Nothing after the line with "Giường tầng 140x200cm" belongs in the copy; extract the lines below from the top through that line, pictures left out.

*** MATERIAL PROVIDED Section Begins ***

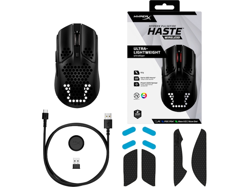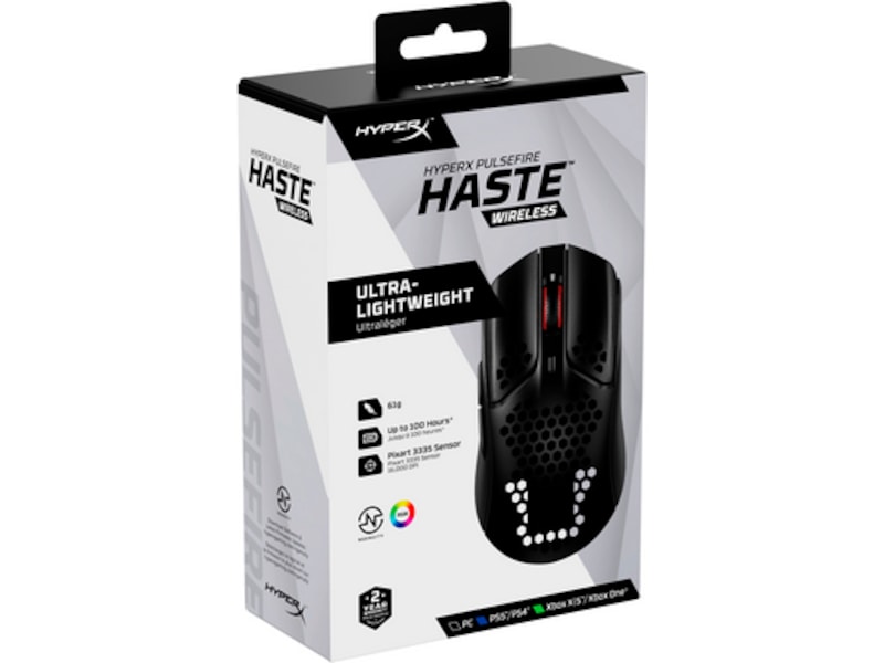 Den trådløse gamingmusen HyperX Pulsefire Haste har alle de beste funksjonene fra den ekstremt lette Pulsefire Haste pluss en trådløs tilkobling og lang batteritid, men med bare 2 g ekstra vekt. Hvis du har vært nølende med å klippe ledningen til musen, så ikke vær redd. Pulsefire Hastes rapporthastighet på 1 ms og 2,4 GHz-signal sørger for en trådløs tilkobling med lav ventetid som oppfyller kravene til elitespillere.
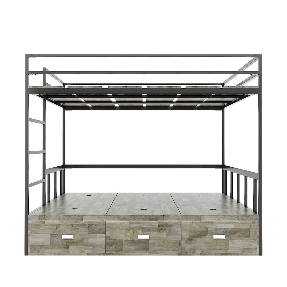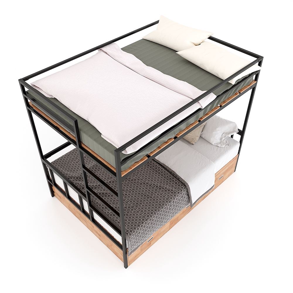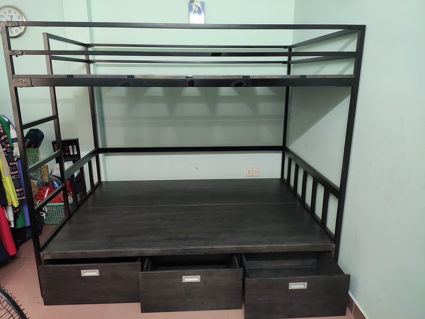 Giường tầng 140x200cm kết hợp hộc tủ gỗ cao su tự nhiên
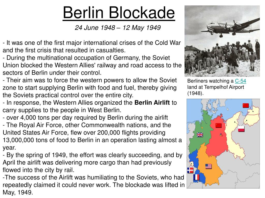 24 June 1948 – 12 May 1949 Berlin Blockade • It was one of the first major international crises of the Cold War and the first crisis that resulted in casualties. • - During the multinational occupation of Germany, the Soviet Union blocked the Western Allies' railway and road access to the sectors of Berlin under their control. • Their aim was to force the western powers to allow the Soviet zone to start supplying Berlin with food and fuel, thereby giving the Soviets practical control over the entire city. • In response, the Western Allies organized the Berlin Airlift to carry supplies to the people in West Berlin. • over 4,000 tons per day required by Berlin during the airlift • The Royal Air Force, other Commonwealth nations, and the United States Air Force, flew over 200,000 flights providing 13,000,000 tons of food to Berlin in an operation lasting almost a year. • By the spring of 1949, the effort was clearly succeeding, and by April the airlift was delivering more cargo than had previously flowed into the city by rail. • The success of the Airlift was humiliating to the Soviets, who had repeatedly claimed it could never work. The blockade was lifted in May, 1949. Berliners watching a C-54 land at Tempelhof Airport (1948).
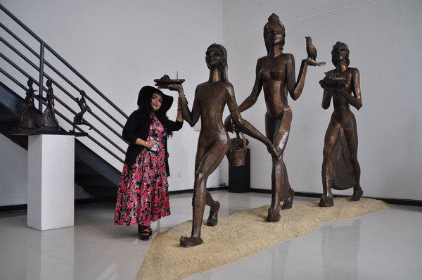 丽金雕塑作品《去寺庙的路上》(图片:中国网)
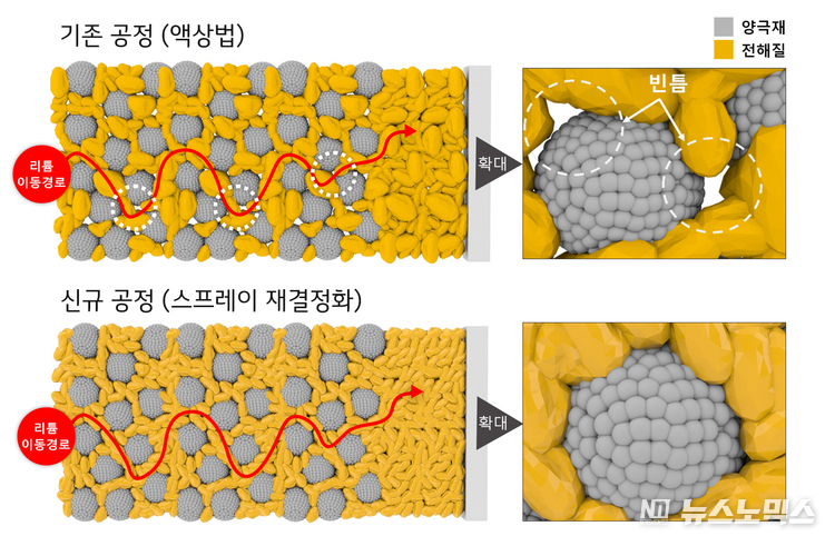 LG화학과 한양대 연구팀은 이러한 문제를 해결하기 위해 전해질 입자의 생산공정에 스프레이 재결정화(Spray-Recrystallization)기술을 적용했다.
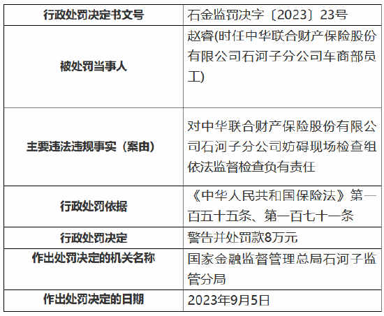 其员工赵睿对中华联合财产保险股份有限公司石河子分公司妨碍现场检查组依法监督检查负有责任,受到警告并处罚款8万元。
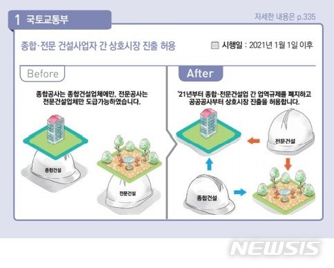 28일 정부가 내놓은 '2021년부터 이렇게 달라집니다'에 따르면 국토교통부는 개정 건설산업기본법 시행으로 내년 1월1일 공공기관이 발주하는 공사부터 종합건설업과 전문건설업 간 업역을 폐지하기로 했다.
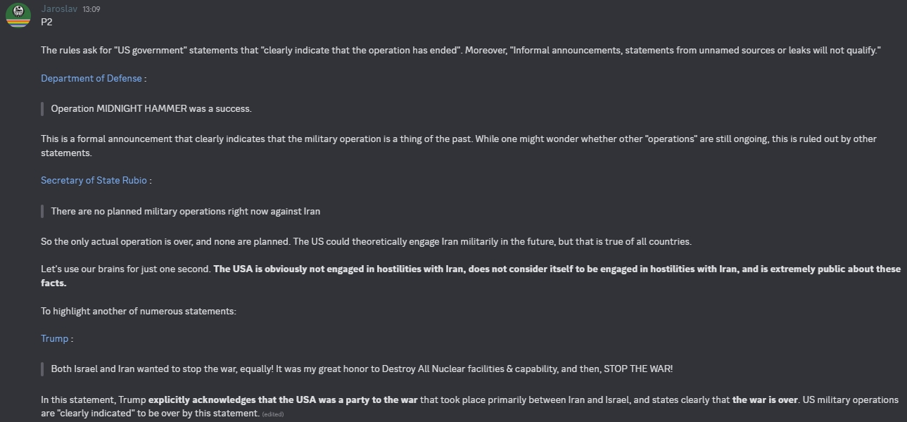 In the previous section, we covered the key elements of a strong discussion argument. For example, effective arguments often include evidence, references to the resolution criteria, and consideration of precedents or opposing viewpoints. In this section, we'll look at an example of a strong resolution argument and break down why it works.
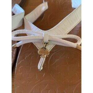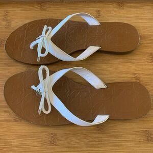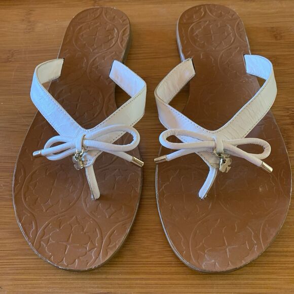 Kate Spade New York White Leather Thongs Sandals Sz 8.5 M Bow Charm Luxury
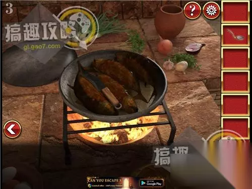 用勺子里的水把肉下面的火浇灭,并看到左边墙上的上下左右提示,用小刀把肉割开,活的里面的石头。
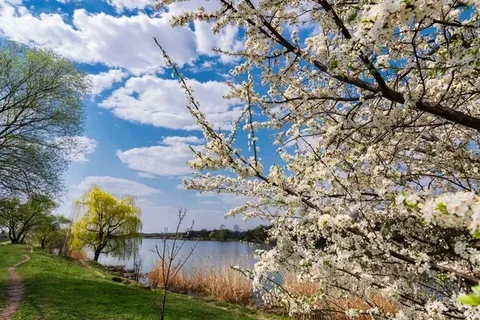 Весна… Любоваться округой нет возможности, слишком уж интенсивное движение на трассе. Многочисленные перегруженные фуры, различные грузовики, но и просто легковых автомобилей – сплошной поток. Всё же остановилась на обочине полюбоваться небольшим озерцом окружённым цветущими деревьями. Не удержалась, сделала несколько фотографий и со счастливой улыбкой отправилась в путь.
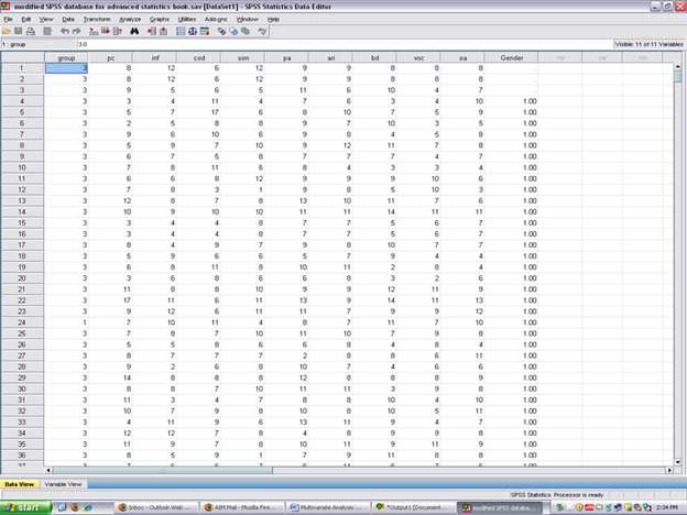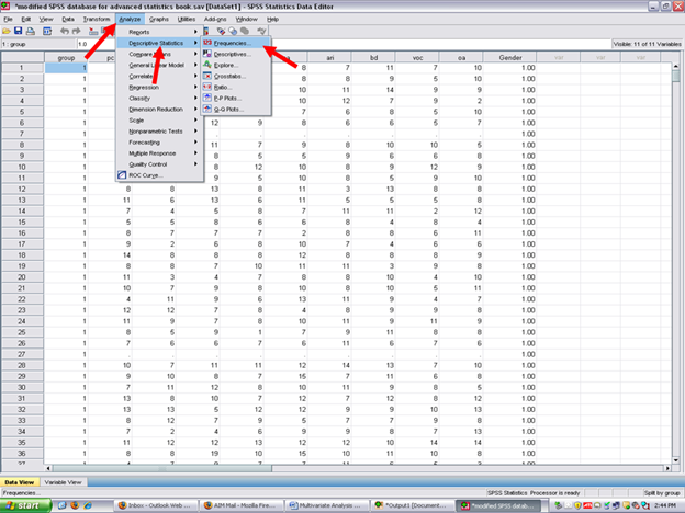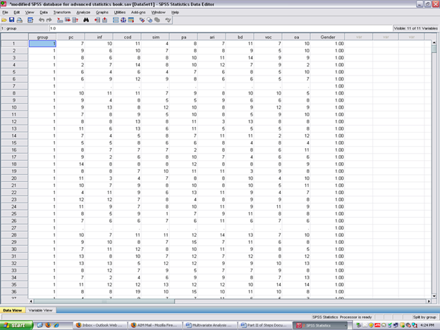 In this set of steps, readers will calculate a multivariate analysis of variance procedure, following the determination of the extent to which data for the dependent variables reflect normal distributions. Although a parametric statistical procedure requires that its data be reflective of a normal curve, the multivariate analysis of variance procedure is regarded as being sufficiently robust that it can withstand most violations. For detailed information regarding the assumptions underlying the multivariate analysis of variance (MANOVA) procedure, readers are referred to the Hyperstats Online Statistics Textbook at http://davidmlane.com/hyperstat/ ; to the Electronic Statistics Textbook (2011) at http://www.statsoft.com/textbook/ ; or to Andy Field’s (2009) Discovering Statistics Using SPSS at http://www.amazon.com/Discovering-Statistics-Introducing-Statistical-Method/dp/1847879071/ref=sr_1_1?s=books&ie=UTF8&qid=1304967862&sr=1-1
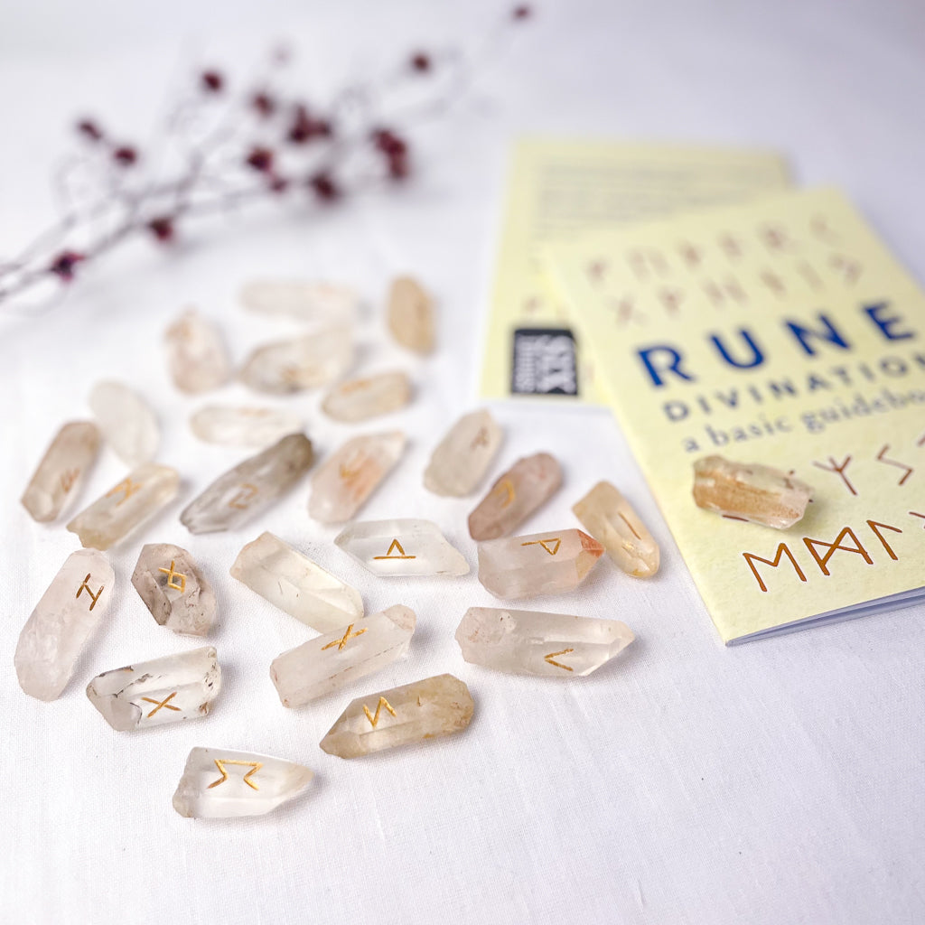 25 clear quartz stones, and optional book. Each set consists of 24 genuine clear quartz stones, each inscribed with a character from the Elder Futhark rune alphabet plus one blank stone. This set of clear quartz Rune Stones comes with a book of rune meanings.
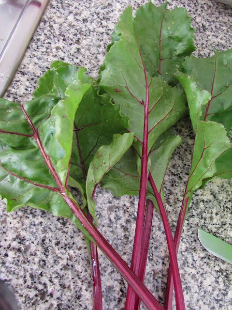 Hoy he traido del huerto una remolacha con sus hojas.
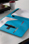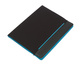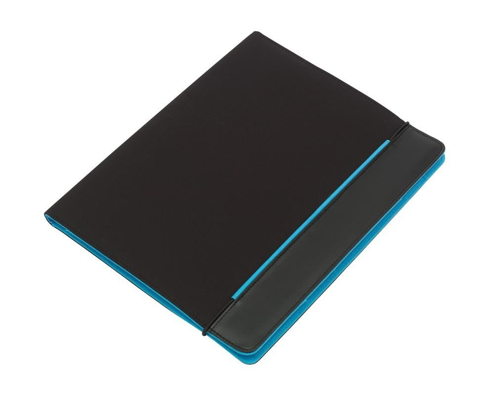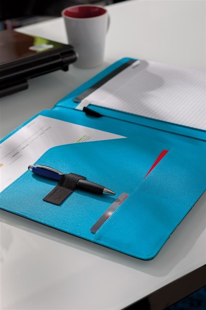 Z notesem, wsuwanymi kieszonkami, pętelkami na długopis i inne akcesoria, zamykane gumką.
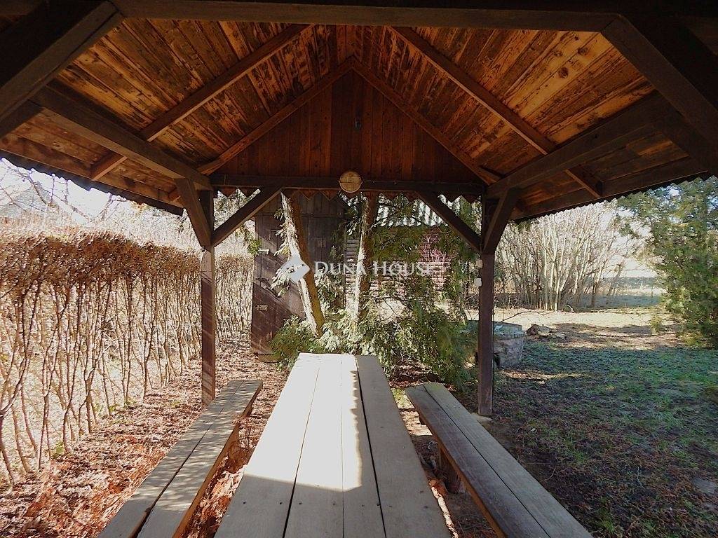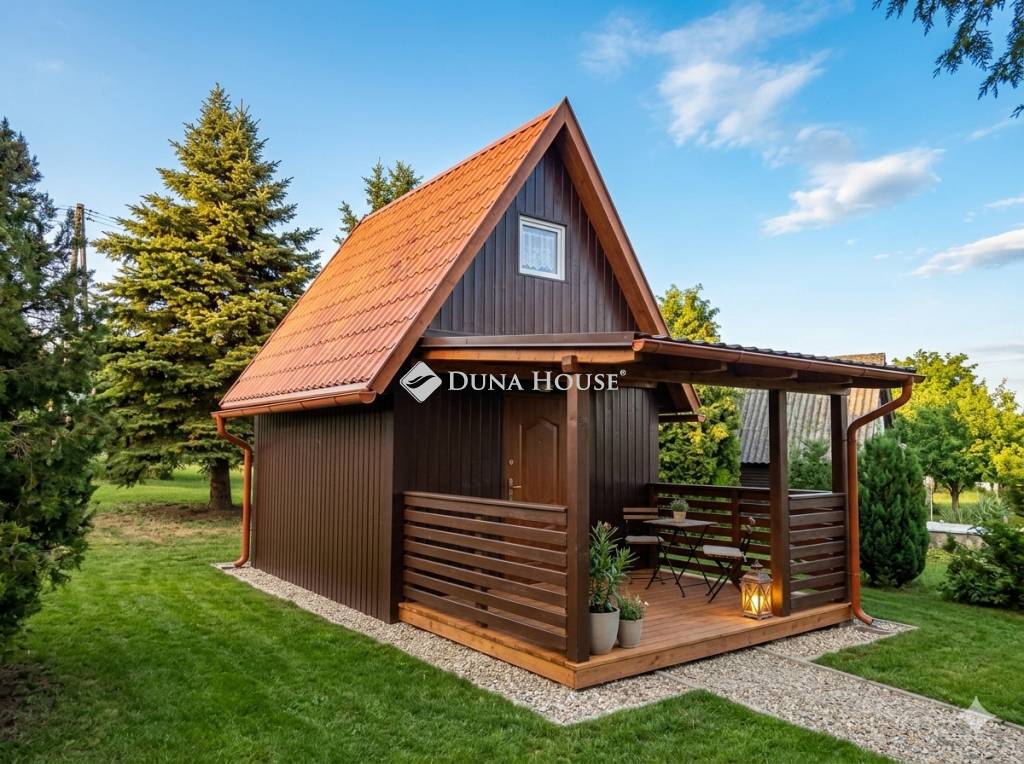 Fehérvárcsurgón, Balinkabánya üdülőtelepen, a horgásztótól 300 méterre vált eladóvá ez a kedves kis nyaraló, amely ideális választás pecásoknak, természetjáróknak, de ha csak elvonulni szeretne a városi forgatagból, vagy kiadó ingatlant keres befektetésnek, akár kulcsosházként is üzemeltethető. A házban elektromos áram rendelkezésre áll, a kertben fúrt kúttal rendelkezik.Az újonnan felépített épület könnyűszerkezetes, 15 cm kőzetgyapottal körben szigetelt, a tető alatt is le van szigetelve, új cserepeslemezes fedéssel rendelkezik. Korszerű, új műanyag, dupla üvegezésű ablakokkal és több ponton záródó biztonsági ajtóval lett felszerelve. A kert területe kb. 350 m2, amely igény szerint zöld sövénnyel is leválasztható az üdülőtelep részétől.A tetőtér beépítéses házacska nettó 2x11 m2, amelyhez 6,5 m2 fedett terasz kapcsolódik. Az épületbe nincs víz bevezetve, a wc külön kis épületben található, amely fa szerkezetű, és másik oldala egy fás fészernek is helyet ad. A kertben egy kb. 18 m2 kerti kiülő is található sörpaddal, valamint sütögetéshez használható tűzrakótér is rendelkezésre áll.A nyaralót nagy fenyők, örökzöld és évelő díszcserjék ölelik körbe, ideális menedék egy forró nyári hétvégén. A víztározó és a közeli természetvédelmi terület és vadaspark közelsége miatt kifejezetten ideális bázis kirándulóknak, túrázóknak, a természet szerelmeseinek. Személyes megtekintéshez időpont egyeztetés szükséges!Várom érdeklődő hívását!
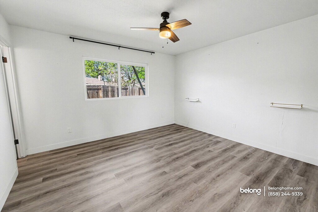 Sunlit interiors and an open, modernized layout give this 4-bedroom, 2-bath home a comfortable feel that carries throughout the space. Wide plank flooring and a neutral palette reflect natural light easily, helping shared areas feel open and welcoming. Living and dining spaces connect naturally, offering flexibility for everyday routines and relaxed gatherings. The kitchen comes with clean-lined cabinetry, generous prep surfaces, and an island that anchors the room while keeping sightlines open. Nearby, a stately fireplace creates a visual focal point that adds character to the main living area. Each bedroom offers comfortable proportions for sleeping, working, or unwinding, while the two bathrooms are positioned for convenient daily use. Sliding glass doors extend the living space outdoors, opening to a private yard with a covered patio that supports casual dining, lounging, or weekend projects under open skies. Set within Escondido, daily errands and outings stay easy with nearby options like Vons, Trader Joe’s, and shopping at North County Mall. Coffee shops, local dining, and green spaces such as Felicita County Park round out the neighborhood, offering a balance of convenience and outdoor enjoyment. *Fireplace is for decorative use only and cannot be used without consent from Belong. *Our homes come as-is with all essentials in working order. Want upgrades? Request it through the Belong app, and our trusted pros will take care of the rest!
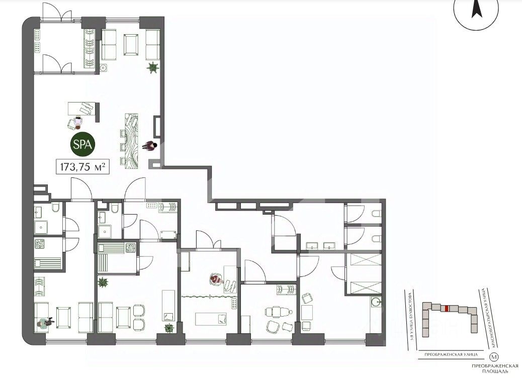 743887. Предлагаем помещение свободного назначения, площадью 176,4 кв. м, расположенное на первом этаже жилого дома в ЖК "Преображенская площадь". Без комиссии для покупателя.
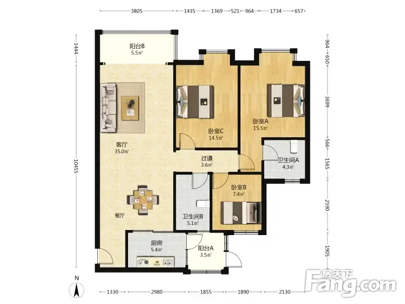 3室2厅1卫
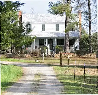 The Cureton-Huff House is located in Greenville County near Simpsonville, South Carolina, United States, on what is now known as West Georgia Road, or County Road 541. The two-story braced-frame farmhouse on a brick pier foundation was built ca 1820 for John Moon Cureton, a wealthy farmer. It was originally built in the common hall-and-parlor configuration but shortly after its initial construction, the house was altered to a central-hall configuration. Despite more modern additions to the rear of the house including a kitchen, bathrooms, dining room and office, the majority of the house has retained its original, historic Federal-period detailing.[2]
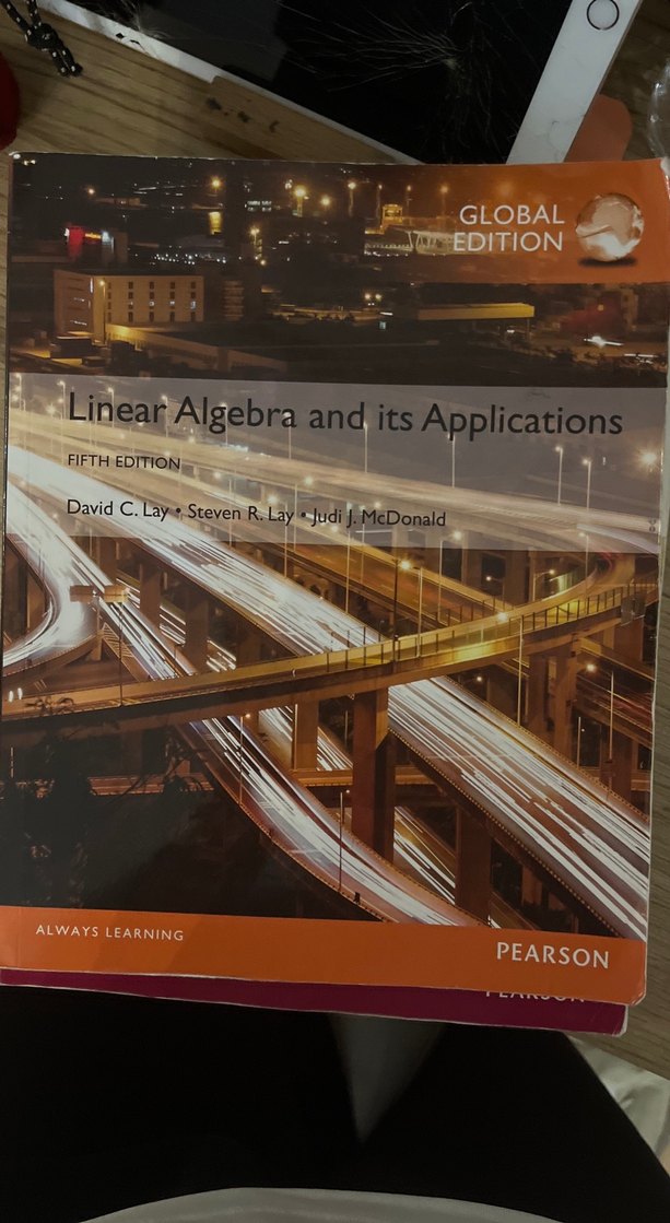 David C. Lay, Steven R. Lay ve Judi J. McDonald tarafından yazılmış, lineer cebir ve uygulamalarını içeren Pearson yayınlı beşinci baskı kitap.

*** MATERIAL PROVIDED Section Ends ***

• _FINAL ANSWER_:
 Den trådløse gamingmusen HyperX Pulsefire Haste har alle de beste funksjonene fra den ekstremt lette Pulsefire Haste pluss en trådløs tilkobling og lang batteritid, men med bare 2 g ekstra vekt. Hvis du har vært nølende med å klippe ledningen til musen, så ikke vær redd. Pulsefire Hastes rapporthastighet på 1 ms og 2,4 GHz-signal sørger for en trådløs tilkobling med lav ventetid som oppfyller kravene til elitespillere.
 Giường tầng 140x200cm kết hợp hộc tủ gỗ cao su tự nhiên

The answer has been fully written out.